Two years later, The Rough and Rowdy Ways tour began, and it continues with Dylan scheduled to join Willie Nelson along with an impressive lineup that includes Robert Plant, Alison Krauss, John Mellencamp, and Billy Strings at the 2024 Outlaw Summer Festival.
Why does he keep touring?
I keep touring because: it is a perfect way to stay anonymous and still be a member of the social order,” he said. “You’re the master of your fate. But it’s not an easy path to take, not fun and games.
Wall Street Journal
Happy Birthday, Bob. I find myself remembering you on a hot monsoonal night in the summer of 1988. You were playing at the amphitheater in Mesa, Arizona. Lightning struck during “Mr Tambourine Man.” Of course it did. At the time, a brand new immigrant to the United States, those were days of wonder for me, days before we worried about what waited around the corner – before we were observant, and before we knew better.

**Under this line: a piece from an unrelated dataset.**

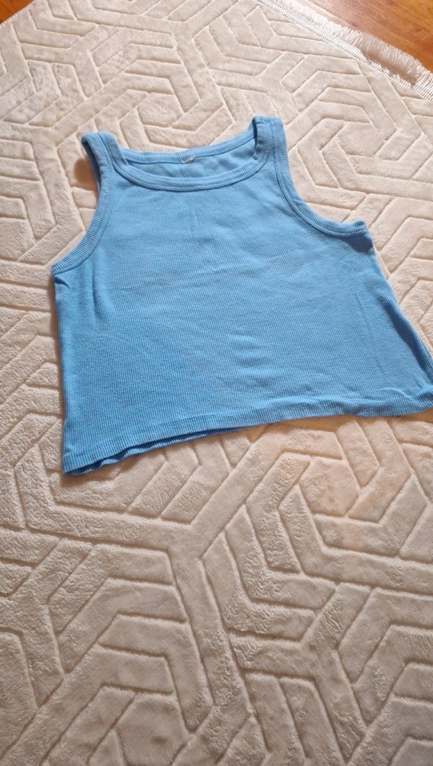 Pamuklu, kısa kesim, mavi renkli, bisiklet yaka, kolsuz ve vücuda oturan kadın atlet. Rahat ve sade günlük kullanım için uygundur.

As easy it was to tell black from white It was all that easy to tell wrong from right And our choices were few and the thought never hit That the one road we traveled would ever shatter and split
On your birthday – and every day, Bob Dylan – may you stay safe, stay observant, and may God be with you.
P.S. I see you’re heading back to Buffalo in September. Maybe I’ll be seeing you again. I love a full circle moment.